Something, either the sight of their gore-covered boss screaming obscenities at them, or the sight of a shiny black demon-car bearing down on them, made the guards’ decisions for them and one ran to open the gate while the other jumped into the Range Rover parked by the guard-shack just outside the fence.

Kael shot out through the ever widening gap in the fence, more than a bit disappointed that she didn’t get the chance to ram the damn gate down, even more so with the fact that in her hurry she’d managed to miss the little pissant who was cranking the damn thing open while looking at her through white eyes half the size of dinner plates.

She jarred the wheel sharply to the left and the car took the turn on two wheels, shooting onto the street and missing a broadside collision with an oncoming bread truck by the width of a hair. The bread truck then did what Kael wished she could have done, taking out both gate and guard in one fell swoop of screeching brakes, squealing metal, and screaming human. The Range Rover finished the job, plowing headlong into the bread truck and smashing the guard flat against the gate post.

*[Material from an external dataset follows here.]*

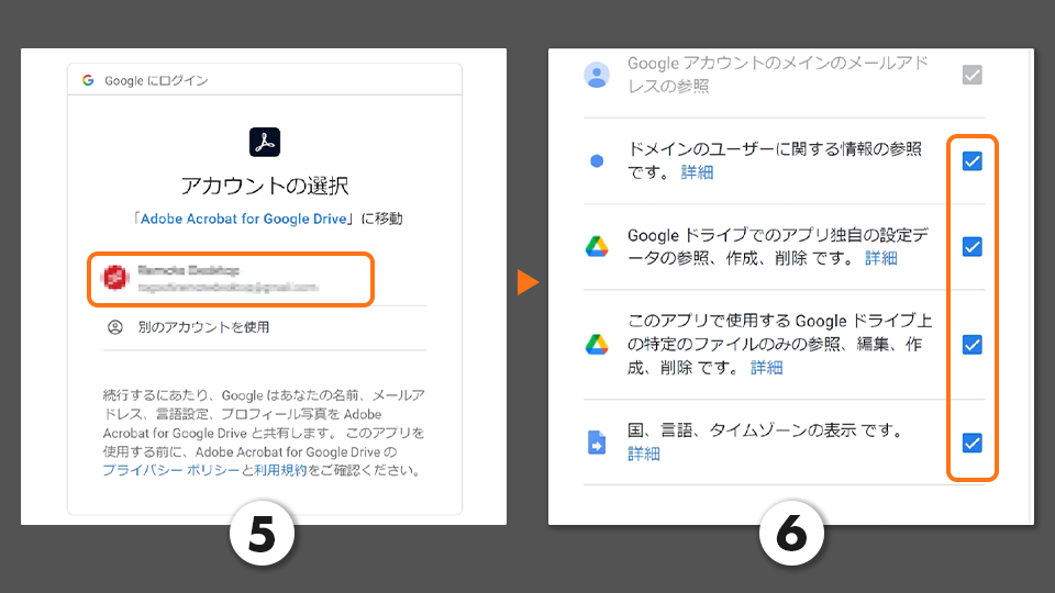 5. Google Driveで使用しているアカウントを選択します。

The screams mercifully stopped.

Cackling in triumph, Kael downshifted and sped out toward the milling city, a gore-coated specter whose sanity, what there was of it, cowered in a corner of her dark and empty soul.

*******

Forty five minutes later, she found herself on the very outskirts of Medellin, driving along a twisting road she’d never been on before, having no idea how she’d gotten there, and gripping the twisted remains of a blood-sodden business card tightly in one hand.